Warren specifically noted Democratic opposition killed the president’s plans to lower the cost of housing and child care.

“A few Democrats blocked much of the president’s agenda for working families,” Warren said in her prepared remarks. “They torpedoed the president’s plan to reverse the Trump tax giveaways. They blocked proposals to cut skyrocketing housing and child care costs. They thwarted efforts to fight corruption, end gerrymandering, defend democracy and protect abortion rights.”

She lavished praise on Biden, her one-time 2020 presidential primary rival, for defying “the predictions of Washington insiders, lobbyists, and pundits” and “presid[ing] over the best midterm elections for the party in power in 20 years.”

“They understand we can’t solve every problem in two years, but they want to see us giving it all we’ve got. And if we get a little bloody, at least no one doubts where we stand.”

- Sen. Elizabeth Warren (D-Mass.)

“The president made smart personnel choices,” Warren said in the excerpted remarks, returning to one of her favorite themes: the need to staff government with progressives. “Instead of surrounding himself with an economic team that believed that government’s principal job was to deliver an economy that benefitted big banks, well-heeled corporations and the fancy lobbyists who strut around Washington like they own the place, Joe Biden picked advisers and regulators who understood that the goal of his Administration was to deliver for working families.”

Warren also continued her recent broadsides against the Federal Reserve, arguing the agency is artificially manufacturing an economic slowdown.

In the speech, Warren painted the re-nomination of Jerome Powell to head the Fed as little more than a GOP plot to sabotage the economy, something she warns both Powell and House Republican Leader Kevin McCarthy (Calif.) will try to do.

“When they couldn’t tarnish the Biden economic agenda from Congress, Powell was their best shot to do it from the Fed ― and make no mistake, they nearly succeeded in causing enough economic harm to win big last week,” Warren said in the excerpt, adding: “The president offered the Powell nomination as an olive branch to Republicans. The Republican response was to break the branch in half, set it on fire, and then spend hundreds of millions of dollars attacking the president for Powell’s interest rate decisions, arguing that Biden is responsible for families’ pain.”

The Massachusetts senator also reiterated her call for Congress to pass legislation lifting the debt ceiling in the lame duck, arguing Democrats will pay little political price for doing so and Republicans will try to sabotage the economy if they do not.

“Republicans will eagerly sow economic chaos so they can turn around and blame Democrats for economic chaos ― all in service to moving Donald Trump a few inches closer to the White House,” Warren’s speech reads. “If Democrats let ourselves be bullied by Republican hostage-taking, we will hurt the families we came here to help.
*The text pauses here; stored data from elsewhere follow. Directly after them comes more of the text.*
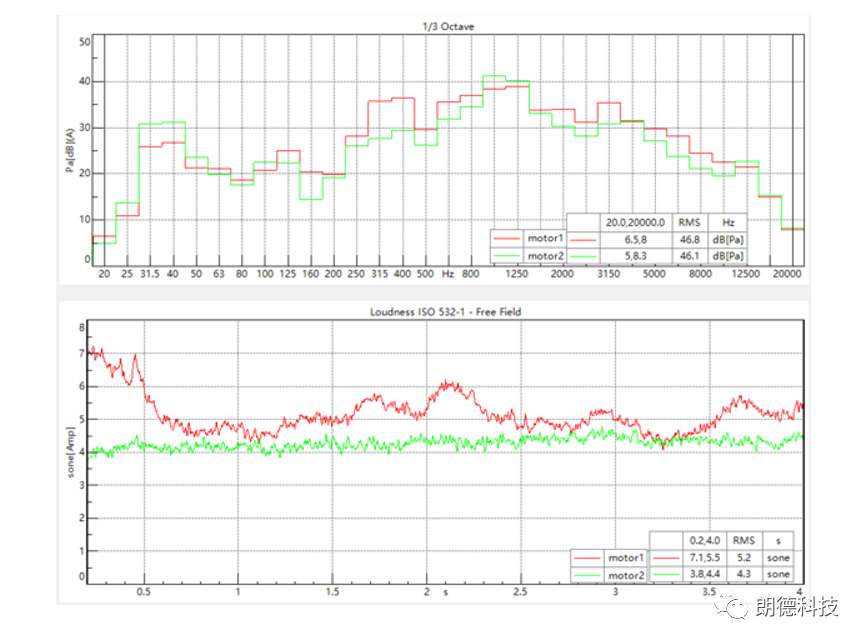 下面兩個(gè)小電機(jī)是同一型號(hào)、不同批次的汽車座椅電機(jī)(圖9),聲壓級(jí)只相差0.7dB,(一般相差2dB以內(nèi)人耳幾乎聽(tīng)不出差別);但利用響度分析(圖10)卻能看出較大的差別:雖然聲壓級(jí)差不多,但電機(jī)1比電機(jī)2大了接近1sone。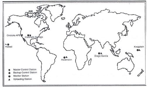 Hình 2.2: Các trạm điều khiển của hệ thống GPS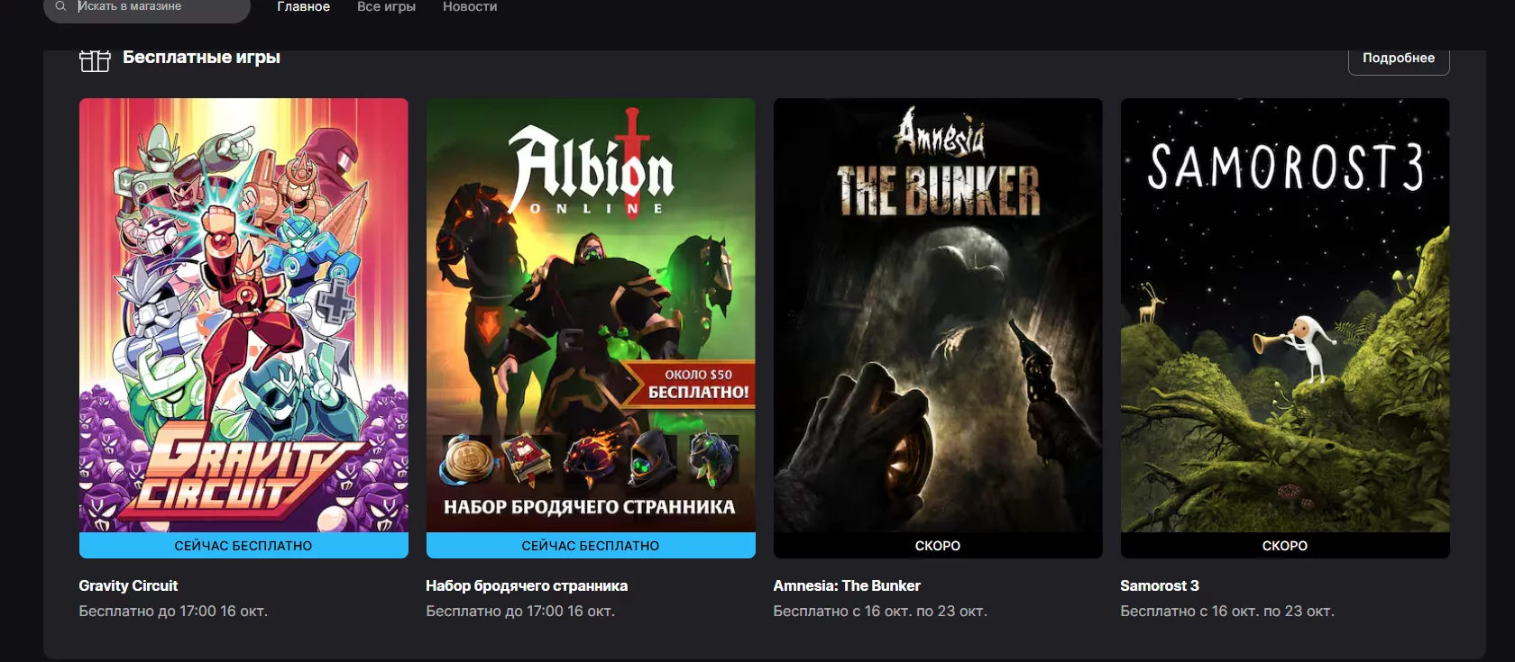 В 2025 году Epic Games Store сделал акцент на играх чешской студии Amanita Design — разработчике атмосферных квестов вроде Machinarium и Samorost. За этот год площадка уже шесть раз раздавала проекты студии, а с 16 по 23 октября пользователи смогут бесплатно забрать Samorost 3. В тот же период в магазине будет доступна и Amnesia: The Bunker.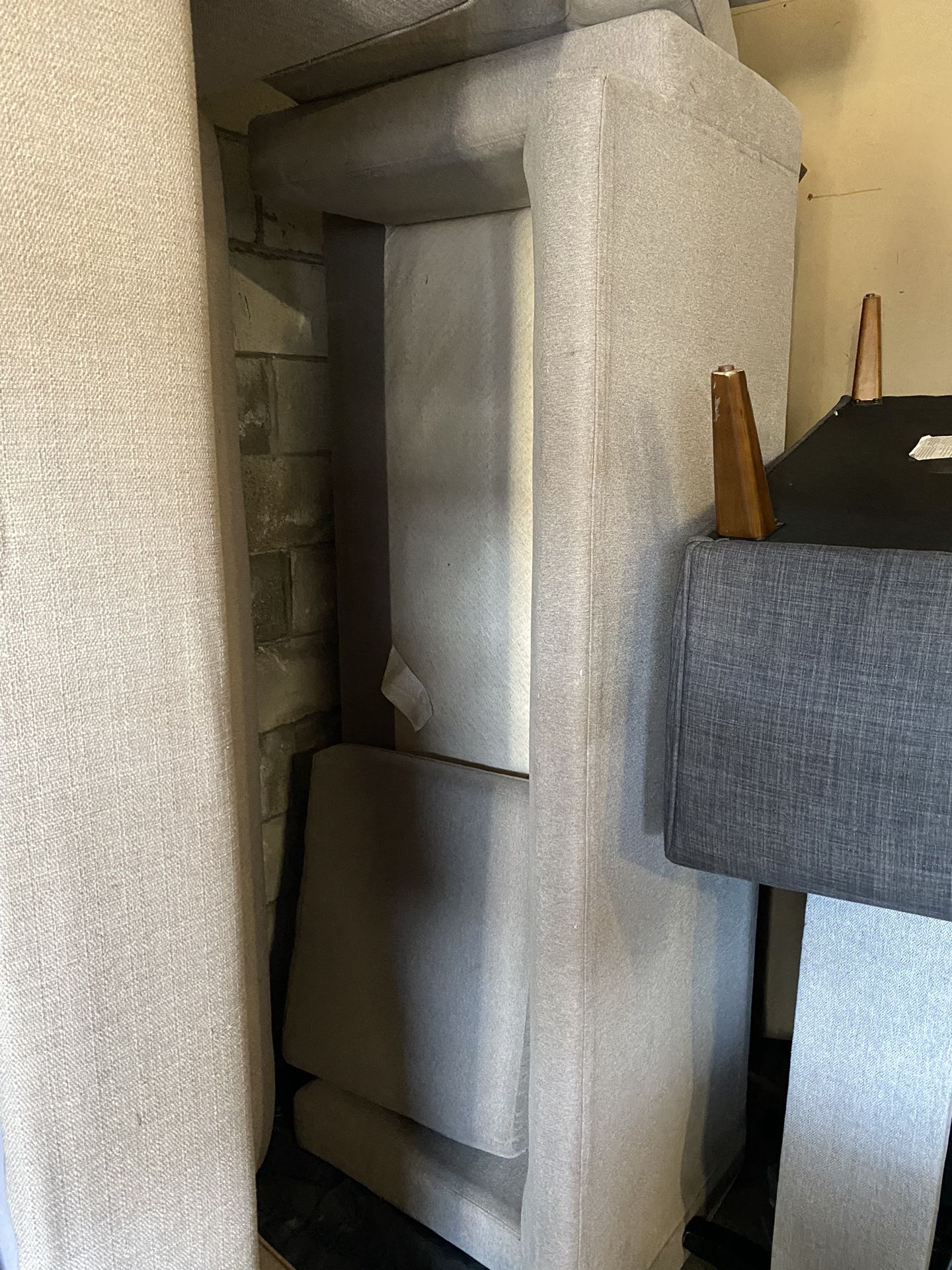 Grey couch Okay condition Missing back cushions Still has both seat cushions

And, for good measure, we’ll be voted out of office in 2024.”

Warren ended her speech with a call for Democrats to pass legislation addressing child care and housing costs ― an unlikely prospect, considering the party’s meager majority in the Senate and likely loss of the House of Representatives. But she argued it does not hurt to try.

“They understand we can’t solve every problem in two years, but they want to see us giving it all we’ve got,” she said in the prepared remarks. “And if we get a little bloody, at least no one doubts where we stand.”